Loans to $548,250 in low-cost areas (to $822,375 in high cost-areas such as Los Angeles, San Framcisco and New York counties).
Conventional as little as 3% down payment.
FHA loans down to 3.5% down payment.
FICO to 640.
DTI up to 50% with strong compensating factors.
Flex term on re-financing available.
No monthly Mortgage Insurance (MI) available.
Lender Paid MI (LPMI) rates available.
Assets and Restricted Stocks as income.
100% gift funds permitted from family members.
Existing mortgage no more than 45 days late.
Mortgage/rent no worse than 1x30x12.
Conf: FC 3 yrs, Ch. 7/SS 4 yrs, Ch. 13 2 years.
FHA: FC/SS 7 yrs, Ch. 7 2 yrs, Ch. 13 1 years.
Loans greater than $548,250 in low-cost areas (greater than $822,375 in high cost-areas such as Los Angeles, San Framcisco and New York counties).
Purchase/Refi to $3M with 680 FICO, 89.99% LTV.
No need for Mortgage Insurance (MI).
Reserves requirements 3-12 months.
ARM loans up to $3M with 89.99% LTV.
Interest-only ARM loans up to $3M.
Assets and Restricted Stocks as Income.
100% gift funds permitted from family members.
Existing mortgage no more than 45 days late.
Mortgage/rent no worse than 1x30x12.
No derogatory events in last 4 years.
Loan options for First Time Buyers - Conforming, FHA and Jumbo.
FHA loans are government-backed – these home loans are made by private lenders; however, Federal Housing Administration (FHA) insures these loans. This insurance is paid for by fees collected as Mortgage Insuarnce (MI) from mortgage borrowers as part of loan payments.
Conventional mortgage loans are not guaranteed or insured by any government agency.
Conventional mortgage loans are not guaranteed or insured by any government agency. Conventional loans can be Conforming or Non-conforming. Conforming loans are within the loans limits based on Fannie Mae and Freddie Mac guidelines.
Non-conforming loans, also known as Jumbo loans, fall outside the loan limits set by Fannie Mae or Freddie Mac and therefore cannot be purchased by them.
In most counties, a loan greater than $453,100 is considered a Jumbo Loan. In counties with high median home values, such as Los Angeles, San Francisco and New York, a loan higher than $679,650 is considered a jumbo loan. So, Conforming and FHA loans can be up to $453,100 (up to $679,650 in counties with high median home values). To find out which limit applies in your county click here.

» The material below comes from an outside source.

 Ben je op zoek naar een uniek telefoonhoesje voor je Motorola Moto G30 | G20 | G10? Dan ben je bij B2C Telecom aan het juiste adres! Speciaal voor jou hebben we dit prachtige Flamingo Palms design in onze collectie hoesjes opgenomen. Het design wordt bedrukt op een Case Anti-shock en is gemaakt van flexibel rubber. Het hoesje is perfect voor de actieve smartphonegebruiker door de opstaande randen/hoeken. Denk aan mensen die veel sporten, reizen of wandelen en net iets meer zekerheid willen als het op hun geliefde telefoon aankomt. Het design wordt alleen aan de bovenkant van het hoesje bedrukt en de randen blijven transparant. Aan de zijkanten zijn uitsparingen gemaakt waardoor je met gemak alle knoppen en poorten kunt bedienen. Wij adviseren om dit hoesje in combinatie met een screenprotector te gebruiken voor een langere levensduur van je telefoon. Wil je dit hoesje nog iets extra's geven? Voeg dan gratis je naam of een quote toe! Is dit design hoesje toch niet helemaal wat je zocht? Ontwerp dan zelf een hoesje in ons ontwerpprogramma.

FHA loans have less strict credit and underwriting requirements – they are “easier” to get. However, borrower will need to pay mortgage insurance premiums regardless of LTV.

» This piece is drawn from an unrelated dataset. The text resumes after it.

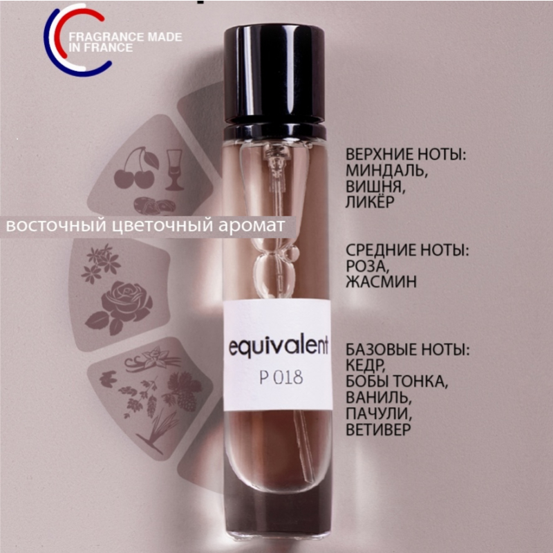 Верхние ноты аромата, собранные букетом из томной черешни и масла горького миндаля, удивляют своей внешней гладкостью и блеском восприятия, и приятной бархатистостью, кроющейся за слепящей оболочкой. И действительно, чем глубже погружение в оттенки "EQUIVALENT" P018, тем удивительней ощущение контраста – бархатистая турецкая роза переплетается с сиропом из вишни, знаменитым «гриотом». Завершает ансамбль незаменимая база – чувственный перуанский бальзам гармонирует с глубоким вкусом обжаренных бобов тонка, добавляя изюминкой сандаловое дерево, приглушенное кедром. Удивительный аромат соблазняет, дает волю фантазии, построенной на контрасте игривости и желания, утягивает за собой в водоворот незнакомой ранее силы страсти.

For Conventional loans, any LTV higher than 80% (less than 20% down) will require Private Mortgage Insurance (PMI). Some lenders do have no MI on loans with LTV greater than 80% - however, the interest rates on these loans are higher.

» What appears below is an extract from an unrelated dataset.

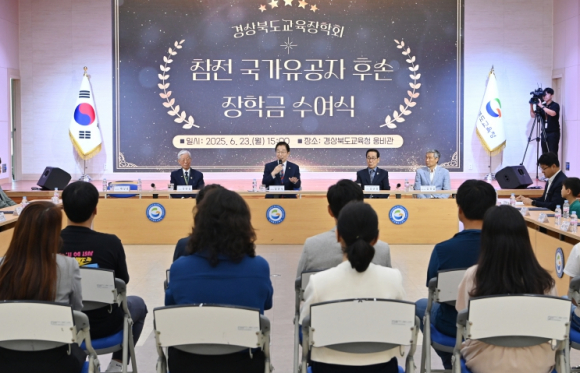 경상북도교육장학회(이사장 임종식)는 23일 본청 웅비관에서 6·25전쟁과 월남전 참전 국가유공자 후손을 대상으로 장학금 수여식을 개최했다고 밝혔다. 이번 장학금 수여식은 ‘대한민국 6·25 참전 유공자회’ 정연흡 지부장과 ‘대한민국월남전참전자회’ 김준휴 지부장 등 관련 단체장이 참석한 가운데, 조국을 위해 희생한 참전 유공자의 숭고한 정신을 기리고, 그 후손들이 자긍심을 갖고 미래를 설계할 수 있도록 돕기 위해 마련됐다. 경상북도교육장학회는 2020년부터 참전 유공자의 공헌을 기리기 위해 장학금을 꾸준히 지급해 왔으며, 2025년부터는 1인당 지원 금액을 100만 원으로 증액하여 올해 20명에게 총 2,000만 원의 장학금 전달했다. 임종식 이사장은 “국가를 위해 헌신한 참전 유공자의 숭고한 정신을 이어가는 자랑스러운 우리 학생들이 그 뿌리를 기억하고, 앞으로 학업은 물론 사회적 책임을 함께 품은 인재로 성장해주길 바란다”라며, “교육장학회는 앞으로도 국가를 위해 희생한 분들의 뜻을 기리고, 그 후손들이 자긍심을 갖고 미래를 설계할 수 있도록 더욱더 책임 있는 장학 지원을 이어가겠다”라고 말했다.

Jumbo loan options for First Time Buyers are limited. Most Jumbo loans for First Time Buyers have more stringent terms -- lower maximum loans amount, higher down payment requirements (lower LTV), higher cash reserve requirements, higher credit score, etc.
Lenders consider jumbo loans to be riskier since Jumbo loans are not insured by the Government like FHA loans, nor can they be sold to Fannie Mae or Freddie Mac.
Some jumbo loans may require a second appraisal.
Jumbo loans may take longer to close since they are manually underwritten and require more supporting documentation.
The amount of loan and rate you can get is dependent on the 3 Cs - Credit history (your credit score reflects how likely you are to payoff the loan), Capacity (your ability to make monthly payments based on your income and debt load/LTV) and Collateral (the level of equity you have to cover any sudden decrease in house prices). Good credit history, low debt-to-income ratios and low LTVs/high down payments indicate low risk to lenders.
Be sure to know how much home you can afford. It is best to talk to a loan officer to help you determnine how much of a loan you can afford.
It is always a good idea to get Pre-Approved and a Pre-Approval Letter from a lender before you start shopping for a home. It gives you considerable negotiating advantage with sellers and real estate agents in a home buying transaction. Also, after going thru the Pre-Approval process, you will know a more exact amount that will be available to you for a home purchase – it avoids an unhappy surprise if you wait until you have signed a home purchase contract.
Check your credit before you begin your home buying process. If there are any errors or factors driving down your credit score, then correct them or take actions needed to improve your credit score. For example, you may want to payoff certain debts to improve your credit score.
Start saving for a down payment as early as possible to afford the highest possible down payment. Higher down payment or lower LTV means better rates and fees.
Do not forget to budget for other loan costs than a down payment. In addition to a down payment, you will need to plan for loan closing costs, including any escrow fees and cash reserve requirments.